Прощай, Византия!, стр. 74

Стрелок мотнул головой. Стиснул зубы.

– Номер машины пробили по банку данных. Не в угоне, с этим все нормально. Владелец некто Елецкий Петр Николаевич, – сообщил Колосову сотрудник, проверявший «бумер» по учетам ГИБДД. – Портативный компьютер привезли, сейчас пальцы откатаем, проверим и с этого бока.

Но портативный чудо-ноутбук АДИСА электронной мобильной дактокартотеки не помог: по данным ИЦ задержанный не проходил. «Значит, не судим», – подумал Колосов.
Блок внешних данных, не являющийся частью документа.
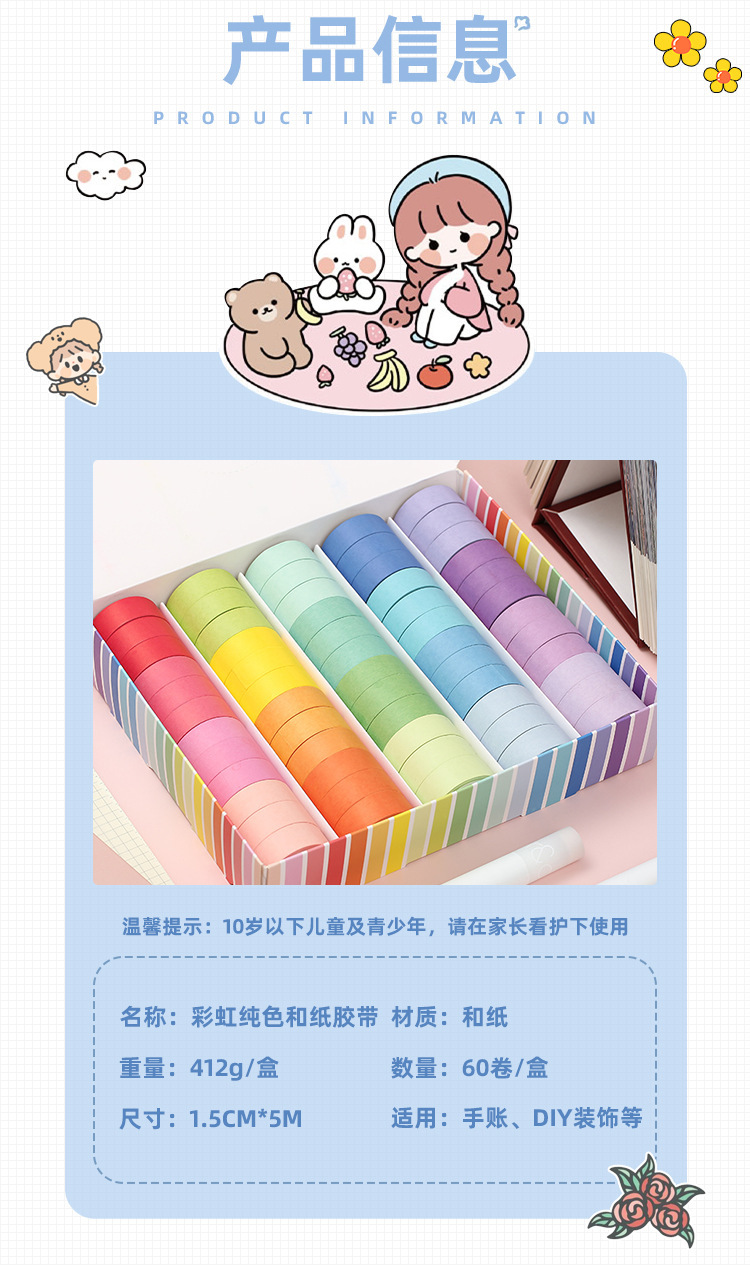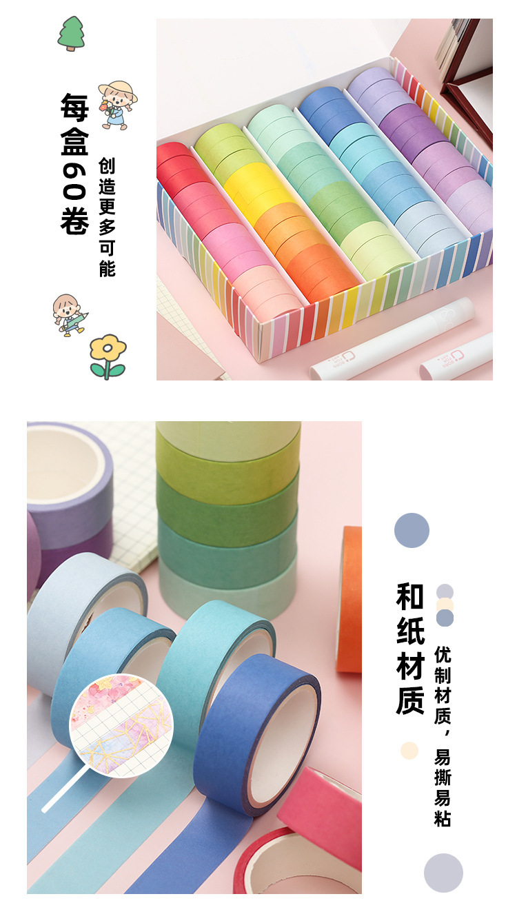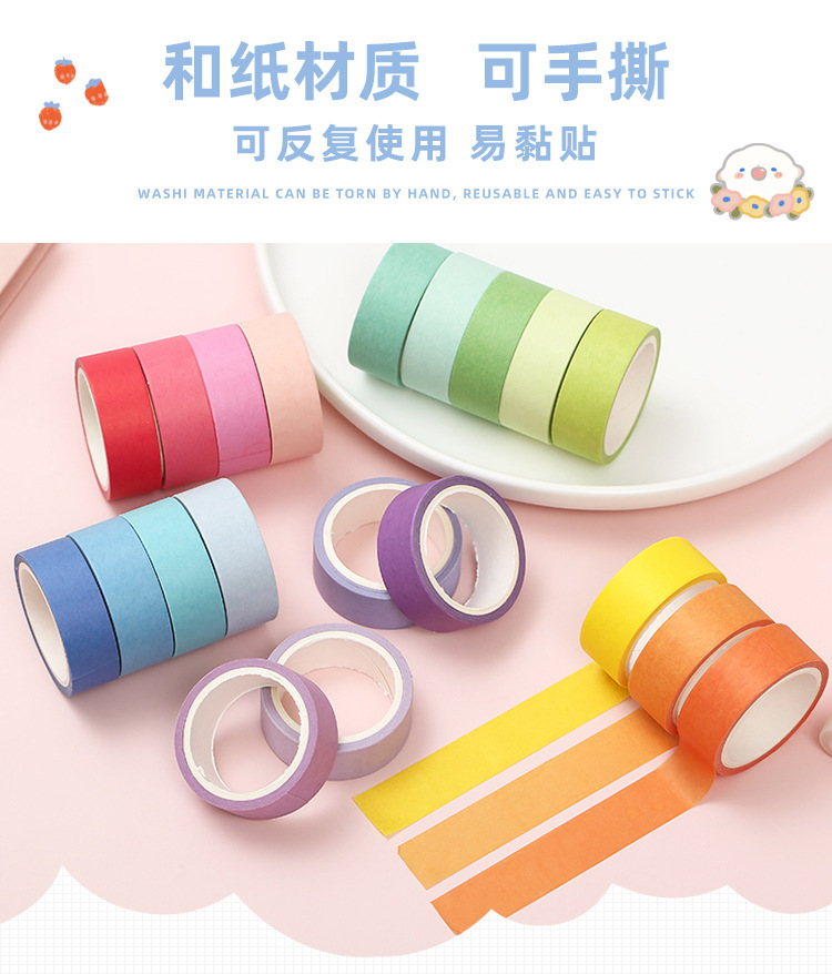 국경 베스트셀러 무지개 색 단색 및 종이 테이프 DIY 손 계정 장식 테이프 스티커 20 색 옵션 5m
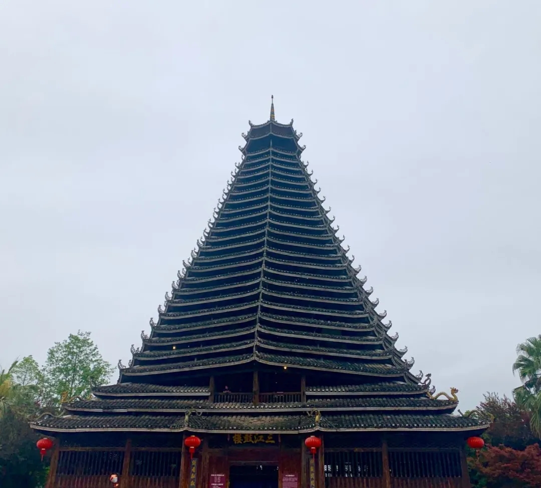 仰觀閃閃魔幻,感受侗族建設(shè)的精美藝術(shù),把疏密、粗細(xì)、剛?cè)岬韧昝赖亟Y(jié)成一個(gè)整體,展現(xiàn)侗族工匠的精美建筑技藝。不用一顆鐵釘,結(jié)構(gòu)十分嚴(yán)謹(jǐn)穩(wěn)固。樓內(nèi)四根杉木大柱直徑都超過70厘米,樹齡均在百年以上,這在鼓樓建筑史上是唯一的。
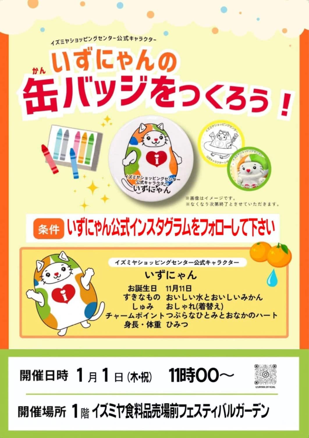 いずにゃんの缶バッジづくりができるようです。11時から。いずにゃん公式インスタグラムフォローで参加できます〜。※先着50名様限り

– Ты Елецкий? – спросил он громко.

Стрелок не ответил ни слова. Он уже окончательно пришел в себя. Колосов видел: он украдкой пробует «браслеты» наручников на крепость.

– Не сбежишь. – Колосов чувствовал, как на него накатывает мутная волна бешенства – они взяли его с поличным, со стволом, из которого он едва не угрохал парня. Они почти раскрыли дело – осталось только получить признание и назвать имя главного фигуранта – заказчика убийств. Он должен был его назвать!

– Я тебя спрашиваю: ты Елецкий Петр?

– Пошел ты, – прохрипел стрелок. – Пошли вы все от меня на….. мусора!

– Куда? – тихо спросил Колосов. – Что ты сказал? Куда? А знаешь, куда ты пойдешь сейчас?

– Мне плевать.

– Плевать? Ну, ты это зря. – Колосов, чувствуя, что теряет над собой контроль, и от этого говоря совсем уже тихо, почти вежливо, рывком за куртку выволок задержанного из «рафика». – Это ты кому другому скажешь… А мне такое слушать обидно… Особенно после того нашего кросса по пересеченной местности… Помнишь тот кросс?

Стрелок глянул на Колосова: было такое ощущение, что он только сейчас вот и узнал его по-настоящему.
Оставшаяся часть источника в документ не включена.